→ **PROBLEM TO SOLVE**:
For the material that follows, return exactly the lines from the one with "Efes Pilsen Hakiki" through the one with "Si ha adquirido", both ends included.

→ **WORKING DATA**:
○ ○ ○ ○ ○
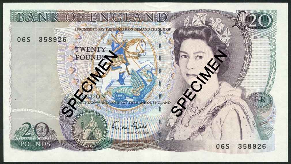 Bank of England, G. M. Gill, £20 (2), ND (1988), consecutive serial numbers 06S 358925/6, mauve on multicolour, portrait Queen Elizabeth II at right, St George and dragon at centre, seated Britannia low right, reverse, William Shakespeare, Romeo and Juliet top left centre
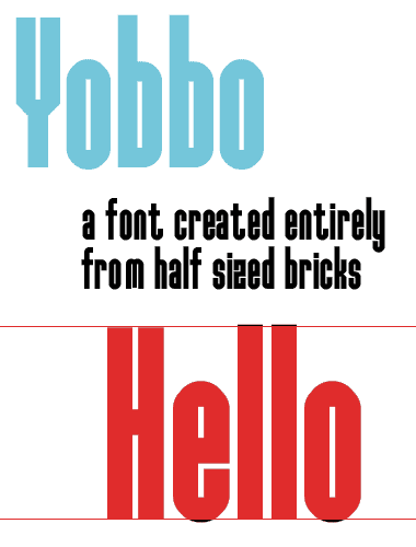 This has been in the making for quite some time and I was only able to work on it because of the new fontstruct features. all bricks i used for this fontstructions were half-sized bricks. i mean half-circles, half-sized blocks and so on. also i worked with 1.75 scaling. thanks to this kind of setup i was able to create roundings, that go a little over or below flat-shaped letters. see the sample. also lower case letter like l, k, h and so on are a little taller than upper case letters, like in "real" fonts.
○ ○ ○ ○ ○
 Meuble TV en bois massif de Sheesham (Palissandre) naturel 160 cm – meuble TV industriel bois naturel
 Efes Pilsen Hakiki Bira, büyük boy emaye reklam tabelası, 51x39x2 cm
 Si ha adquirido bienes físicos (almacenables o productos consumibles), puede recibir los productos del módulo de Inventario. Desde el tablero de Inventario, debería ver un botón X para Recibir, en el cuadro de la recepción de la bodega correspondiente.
○ ○ ○ ○ ○
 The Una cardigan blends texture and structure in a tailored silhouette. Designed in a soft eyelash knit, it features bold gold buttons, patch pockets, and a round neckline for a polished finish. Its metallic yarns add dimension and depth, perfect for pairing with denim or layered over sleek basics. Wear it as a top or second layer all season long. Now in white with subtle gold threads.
○ ○ ○ ○ ○
→ **ANSWER TO THE PROBLEM**:
 Efes Pilsen Hakiki Bira, büyük boy emaye reklam tabelası, 51x39x2 cm
 Si ha adquirido bienes físicos (almacenables o productos consumibles), puede recibir los productos del módulo de Inventario. Desde el tablero de Inventario, debería ver un botón X para Recibir, en el cuadro de la recepción de la bodega correspondiente.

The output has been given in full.